New York: The asteroid impact that wiped out dinosaurs from Earth also gave birth to the Amazon rainforest, says a new study.
In an analysis of thousands of fossil pollen and leaves, the researchers found that the cataclysmic asteroid impact that resulted in the destruction of nearly 75 per cent of all terrestrial life on Earth drastically restructured tropical forests.
It set the stage for the evolution of what has become one of the planet’s most diverse ecosystems — the neotropical rainforest, according to the study published in the journal Science.
While the end-Cretaceous impact nearly 66 million years ago was catastrophic for terrestrial ecosystems worldwide, its long-term effects on tropical forests have remained a mystery.
This is largely due to the lack of palaeobotanical exploration in the region, which has only just begun to provide the data needed to evaluate these questions.
For the study, Monica Carvalho from the Smithsonian Tropical Research Institution in Panama, and colleagues used fossil pollen and leaves recovered from Colombia to characterise how the impact changed South American tropical forests, finding large-scale changes in species composition and forest structure.
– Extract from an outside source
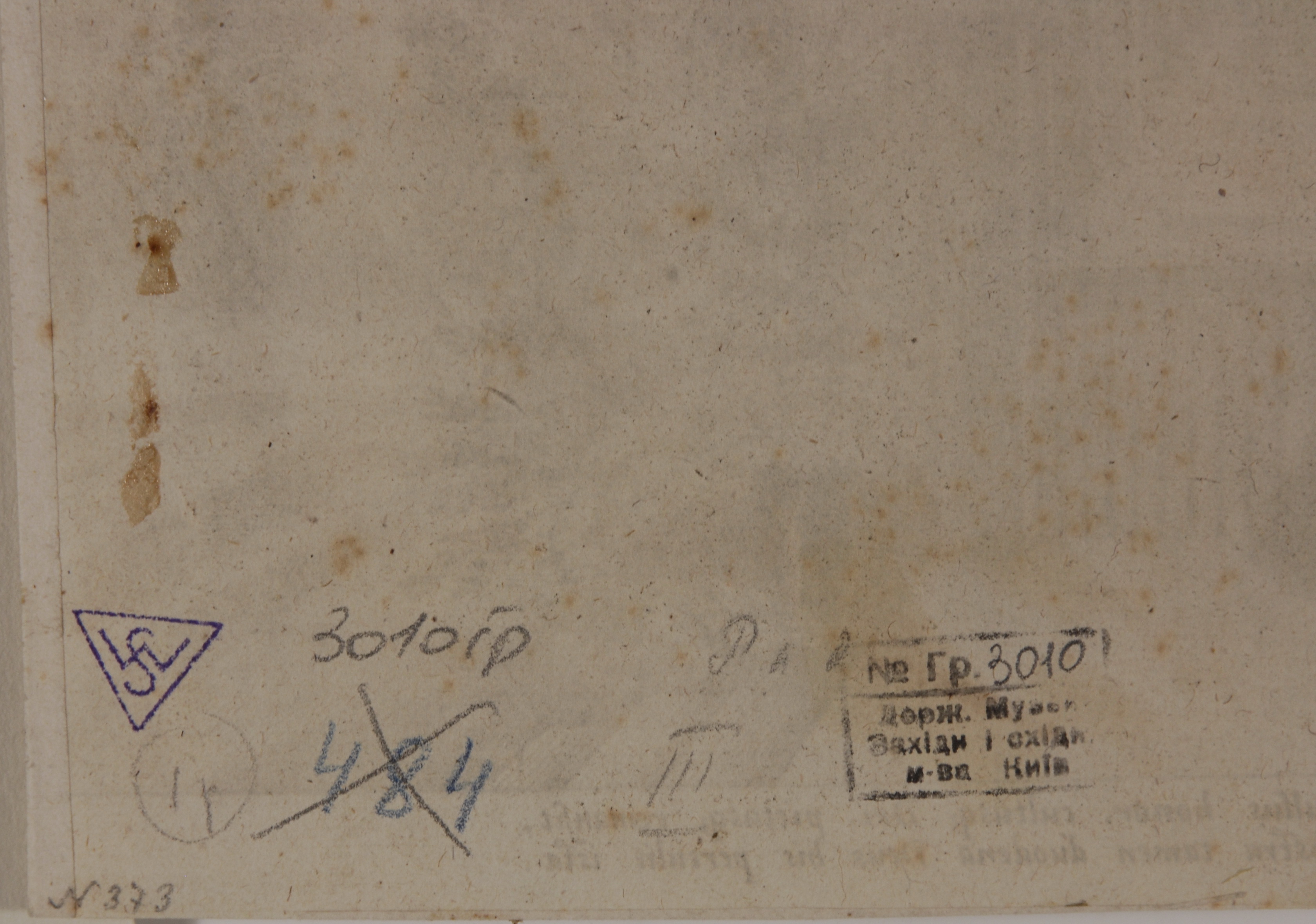 Поля обрізані, в нижній частині великі жовтуваті плями. У верхньому правому куті на зображенні чорна пляма. Ліворуч унизу жовтуваті плями. Зі звороту коричневі плями і плями клею. Вздовж верхнього краю паперові наклейки.,

According to the findings, late Cretaceous rainforests were characterised by an open canopy environment.
However, plant diversity declined by roughly 45 per cent at the Cretaceous-Paleogene (K/Pg) boundary and extinctions were widespread, particularly among seed-bearing plants.
While the forests recovered over the subsequent six million years, angiosperms, or flowering plants, came to dominate the forests, said the study.
This transition led to the closed canopy structure and the layered, vertical distribution of plant biodiversity that defines modern tropical rainforests, said the study.